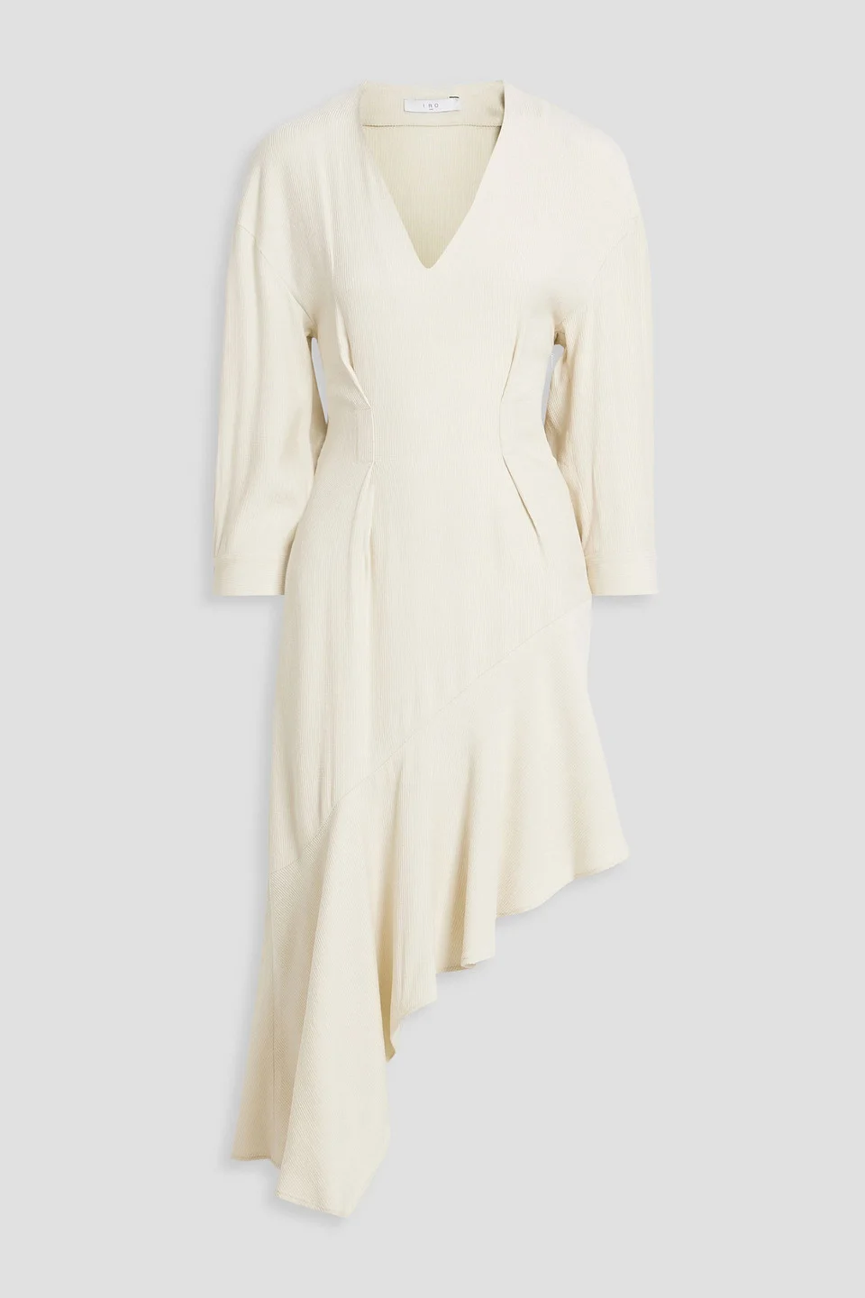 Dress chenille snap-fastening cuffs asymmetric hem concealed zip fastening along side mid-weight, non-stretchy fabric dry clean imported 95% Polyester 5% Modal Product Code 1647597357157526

--

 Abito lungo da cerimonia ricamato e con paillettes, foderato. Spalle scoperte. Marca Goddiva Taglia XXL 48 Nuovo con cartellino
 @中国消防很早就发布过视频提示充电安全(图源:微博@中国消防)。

==

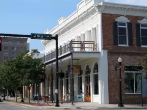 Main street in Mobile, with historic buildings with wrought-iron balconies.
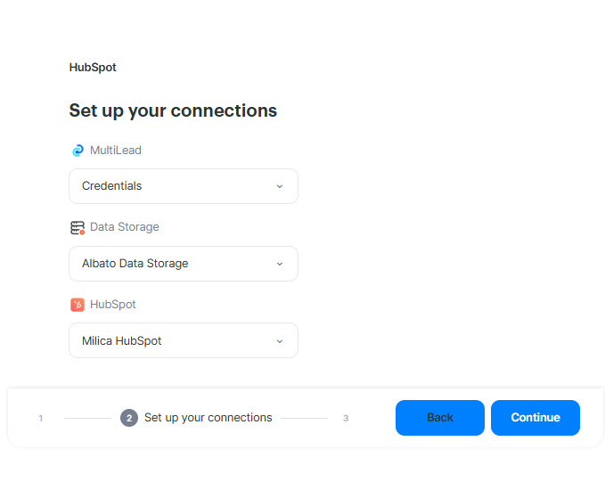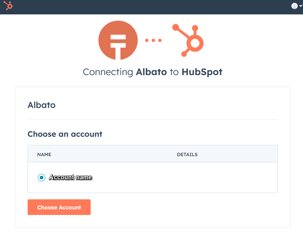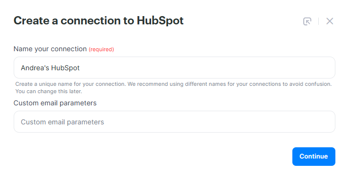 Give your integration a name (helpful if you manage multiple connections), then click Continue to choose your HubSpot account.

◆ Aim of the exercise ◆
Among the entries above, find the line with "Main street in" and repeat exactly from there through the line with "Give your integration", leaving out the pictures.

◆ Solution for this problem ◆
 Main street in Mobile, with historic buildings with wrought-iron balconies.
 Give your integration a name (helpful if you manage multiple connections), then click Continue to choose your HubSpot account.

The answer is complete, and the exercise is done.